RFC-0012: Zircon Discardable Memory
Status	Accepted
Areas	Kernel
Description	Describes a mechanism for userspace applications to indicate to the kernel that certain memory buffers are eligible for reclamation.
Issues	60237
Gerrit change	441994
Authors	rashaeqbal@google.com
Reviewers	maniscalco@google.com cpu@google.com jamesr@google.com adanis@google.com
Date submitted (year-month-day)	2020-10-27
Date reviewed (year-month-day)	2020-12-02

Edit this RFC

Edit RFC metadata

Summary

This RFC describes a mechanism for userspace applications to indicate to the kernel that certain memory buffers are eligible for reclamation. The kernel is then free to discard these buffers when the system is running low on available memory.

Motivation

Managing free memory is a complex problem in an overcommit system like Zircon, where user applications are allowed to allocate more memory than might currently be available on the system. This is accomplished by using Virtual Memory Objects (VMOs) that are lazily backed by physical pages as portions within them are committed.

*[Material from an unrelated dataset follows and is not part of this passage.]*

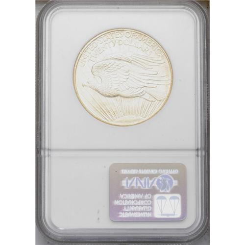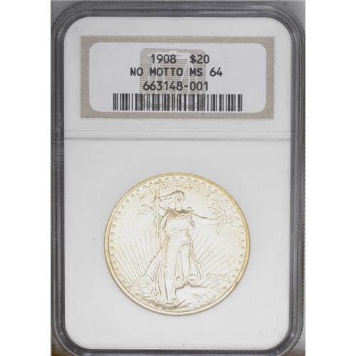 <B>1908<$20> No Motto MS64 NGC.</B></I> Long Rays subtype. This lustrous and nicely impressed honey-gold type coin has clean fields, and the devices are also largely unabraded. An obverse rim mark is noted at 4:30. <BR><BR><B>Important notice:</B> Heritage usually auctions material at the rate of 200-250 lots per hour. On some occasions eBay Live bid software or the Internet may not be able to keep up with the pace of the auction. We recommend placing a realistic absentee bid now as insurance to avoid disappointment. Occasionally the auctioneer may eliminate or reject an eBay Live bid, and the auctioneer may also reopen a lot after the close of the eBay live bidding (usually because we missed an audience bid), and may reject your bid even if it shows you as the winning bidder. By bidding via eBay Live, you agree that Heritage may award the lot to another bidder at its sole discretion under the circumstances described above or any other reasonable circumstances. Since eBay bids are not shown to us until we open the lot on the floor, we treat those bids just like floor bids. In most cases the floor responds before the eBay bid is presented to us, due to Internet lag time, so for consistency we have made it a policy that floor bids are always considered first over tie eBay live bids. Also please note that all Heritage lots purchased through eBay Live carry a 20% Buyer's Premium. Please make sure you read the Terms and Conditions before you bid. This lot is being auctioned in conjunction with a live floor auction by Heritage Galleries & Auctioneers. All final auction and invoice information will be supplied by Heritage Galleries & Auctioneers, and all other information should be considered preliminary. Lot:4524 <BR><BR><B>Winning Notification and Billing:</B> After the FINAL session in this auction is complete, Heritage will send e-mail and snail mail invoices. This process normally takes several days. All final auction and invoice information will be supplied by Heritage Galleries & Auctioneers, and all other information should be considered preliminary. <BR><BR>This auction will be conducted on a live auction floor and over the Internet through eBay Live. If you choose to place an absentee bid, please take a moment to <font color='#0000ff'><u><a href='http://pages.ebay.com/liveauctions/help/before/laabsentee.html'>learn how eBay Live absentee bidding works</a></u></font><font color='#000000'>

Overestimating the amount of physical memory that will be in use at any point in time, and failing further memory allocation requests based on that, can leave free memory on the table. This can affect performance, as a lot of this memory is used by applications for caching purposes. On the other hand, underestimating the amount of free memory in use, can cause us to quickly use up all of the available memory on the system, leading to an out-of-memory (OOM) scenario. Furthermore, the definition of "free" memory itself is complex.

The Zircon kernel monitors the amount of free physical memory and generates memory pressure signals at various levels. The purpose of these signals is to allow userspace applications to scale back (or grow) their memory footprint based on system-wide free memory levels. While this helps keep the system from running out of memory, the decoupling of the initiator of these signals (the kernel) from the responder (user applications) is not ideal. Processes that respond to memory pressure do not have enough context around how much memory they should be freeing; the kernel has a better picture of global memory usage on the system, and it can also take into consideration other forms of reclaimable memory, e.g. user pager backed memory that can be evicted.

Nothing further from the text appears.